# Peek-a-boo!



## jeffashman (Aug 30, 2021)

Playing with the Sigma 105mm macro again. Spotted this tiny fella in the Butterfly Milkweed. Also practiced my post-process process.

f/2.8 1/1000 ISO 200 105mm


aug30202101 by Jeff Ashman, on Flickr


----------



## Robshoots (Aug 30, 2021)

Wonderful shot, Jeff.  And aptly titled.


----------



## NS: Nikon Shooter (Aug 30, 2021)

Highly entertaining take, Jeff!


----------



## Space Face (Aug 31, 2021)

That's a good one J.  Great use of dof, focus is spot on and very well rendered colour palate.


----------



## Jeff15 (Aug 31, 2021)

Good shot.....


----------



## lesno1 (Aug 31, 2021)

That is a great shot Jeff well composed and sharp well done


----------



## jeffashman (Aug 31, 2021)

Robshoots said:


> Wonderful shot, Jeff.  And aptly titled.


Thank you!


NS: Nikon Shooter said:


> Highly entertaining take, Jeff!


Thanks!


Space Face said:


> That's a good one J.  Great use of dof, focus is spot on and very well rendered colour palate.

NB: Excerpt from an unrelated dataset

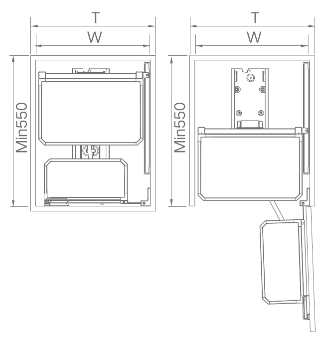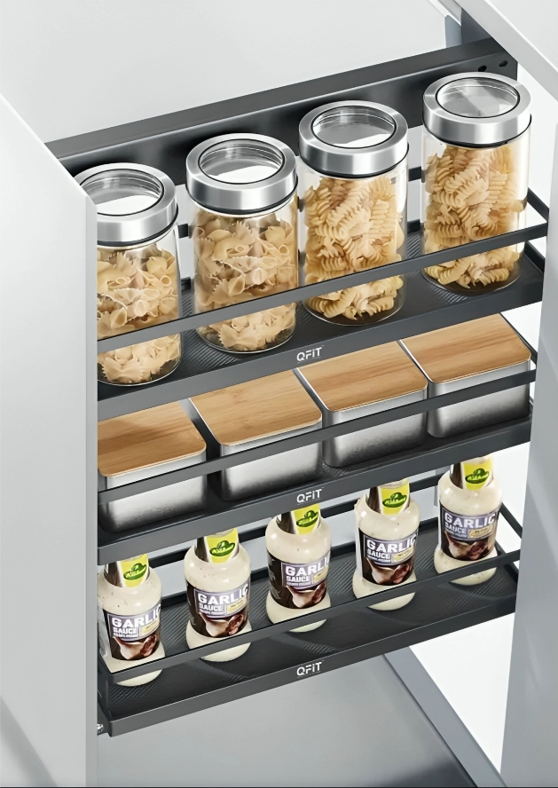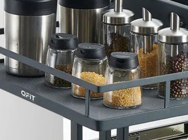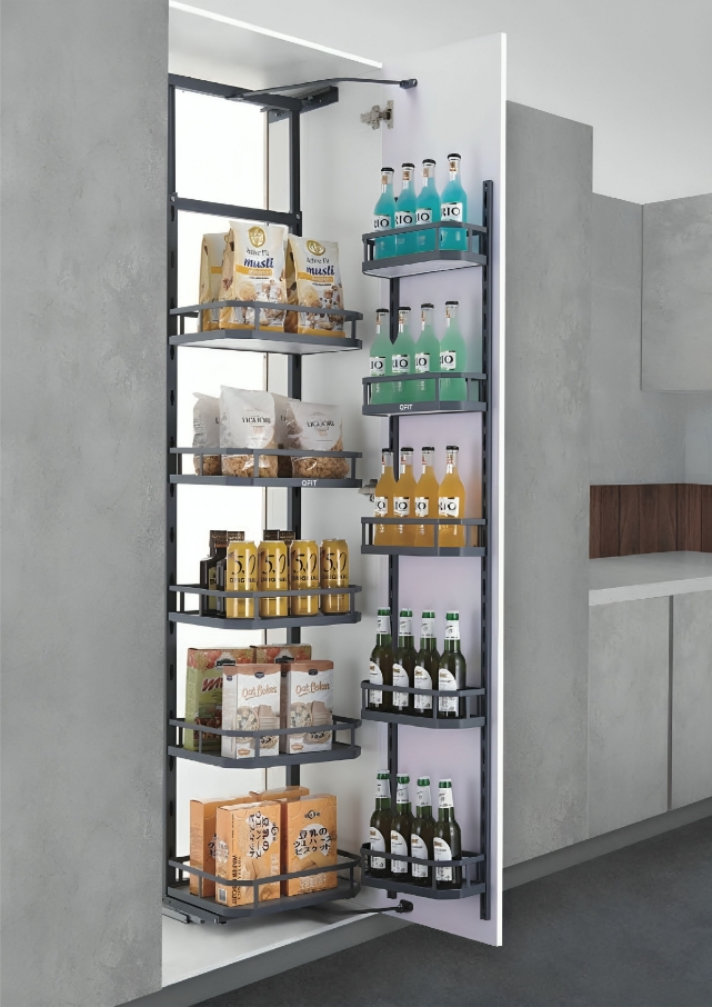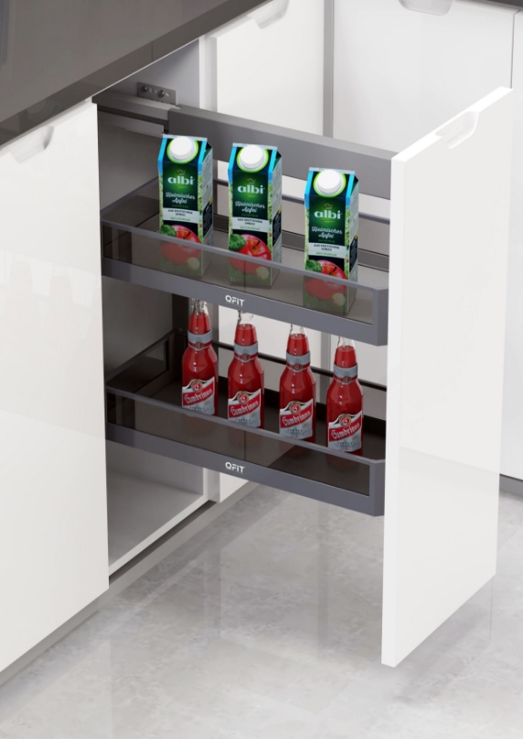 Function - Organize kitchen products as desired with our premium bottle pullout system. Bottle pullout used for modular kitchen cabinet equipped with soft close Quadro channels.

Thank you! It was the very last one "on the roll." Played with the order of my post processing, after watching a video, and it seems to have worked. 


Jeff15 said:


> Good shot.....


Thanks!


lesno1 said:


> That is a great shot Jeff well composed and sharp well done


Thank you!


----------



## K9Kirk (Aug 31, 2021)

Ha! Cute lil dude, nice shot.


----------



## NS: Nikon Shooter (Sep 1, 2021)

-


… had to revisit, toooo funny!


----------